__Task item__.
All of the data must be written out verbatim, with pictures excluded.

__Supplied data__.
====
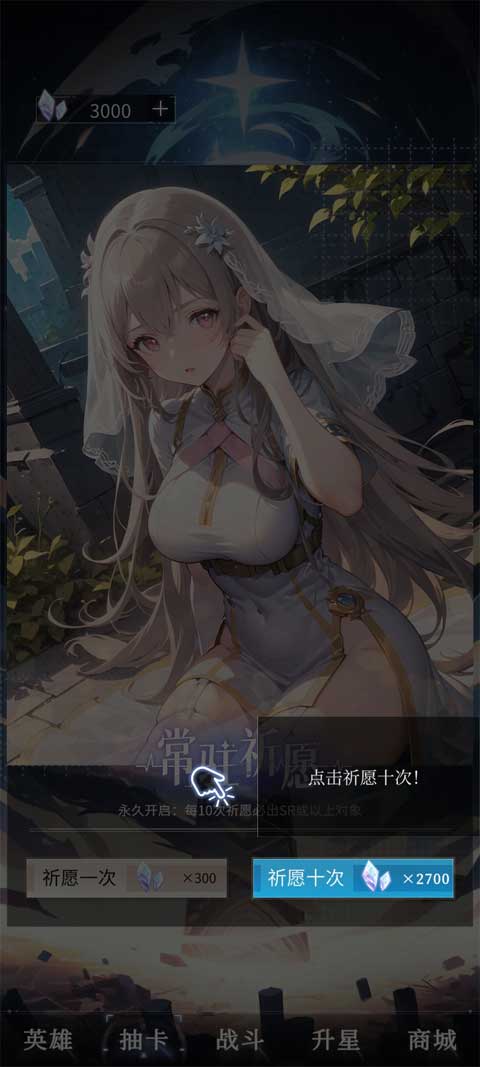 游戏一开始送了3000钻石,直接让你十连抽的感觉不要太爽!虽然界面简单了些,但操作很流畅,点起来还挺有手感的。抽到SSR的那种快乐,真的能让我暂时忘记自己是个月卡党。
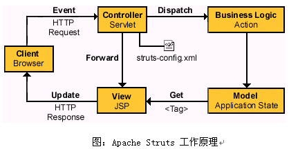 WebGrid CRM在技術(shù)實現(xiàn)上采用Sun公司的標(biāo)準(zhǔn)的MVC(Model-View-Controller)三層體系進(jìn)行架構(gòu),主要通過在Apache公司開發(fā)的Struts Framework的基礎(chǔ)上進(jìn)行應(yīng)用擴(kuò)展,參見下圖結(jié)構(gòu):
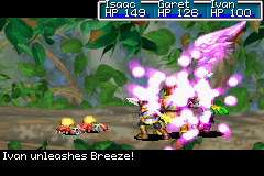 Golden Sun: Breeze is the one Djinni that is Resist doubled in effectiveness, and since Resist is a Psynergy that is not available to any Adept until level 22 while this Djinni is acquired early in the game, this can be a very valuable measure to lower the damage of boss enemies' elemental assaults toward you from when it is collected all the way up to the endgame. When Ivan is in his mono-elemental class series, the Wind Seer class series, he will learn Resist at 22, but unleashing Breeze in battle should almost always be considered a superior option because it is a twice-as-strong effect that does not even detract from his PP-meter, and the fact his Djinni will be then put On Standby may better let him perform a Jupiter summon the next turn. Note that resistance-buffing effects like these stack with each other up until all Adepts have +80 resistance rating modifiers.
====
__Task answer__.
 游戏一开始送了3000钻石,直接让你十连抽的感觉不要太爽!虽然界面简单了些,但操作很流畅,点起来还挺有手感的。抽到SSR的那种快乐,真的能让我暂时忘记自己是个月卡党。
 WebGrid CRM在技術(shù)實現(xiàn)上采用Sun公司的標(biāo)準(zhǔn)的MVC(Model-View-Controller)三層體系進(jìn)行架構(gòu),主要通過在Apache公司開發(fā)的Struts Framework的基礎(chǔ)上進(jìn)行應(yīng)用擴(kuò)展,參見下圖結(jié)構(gòu):
 Golden Sun: Breeze is the one Djinni that is Resist doubled in effectiveness, and since Resist is a Psynergy that is not available to any Adept until level 22 while this Djinni is acquired early in the game, this can be a very valuable measure to lower the damage of boss enemies' elemental assaults toward you from when it is collected all the way up to the endgame. When Ivan is in his mono-elemental class series, the Wind Seer class series, he will learn Resist at 22, but unleashing Breeze in battle should almost always be considered a superior option because it is a twice-as-strong effect that does not even detract from his PP-meter, and the fact his Djinni will be then put On Standby may better let him perform a Jupiter summon the next turn. Note that resistance-buffing effects like these stack with each other up until all Adepts have +80 resistance rating modifiers.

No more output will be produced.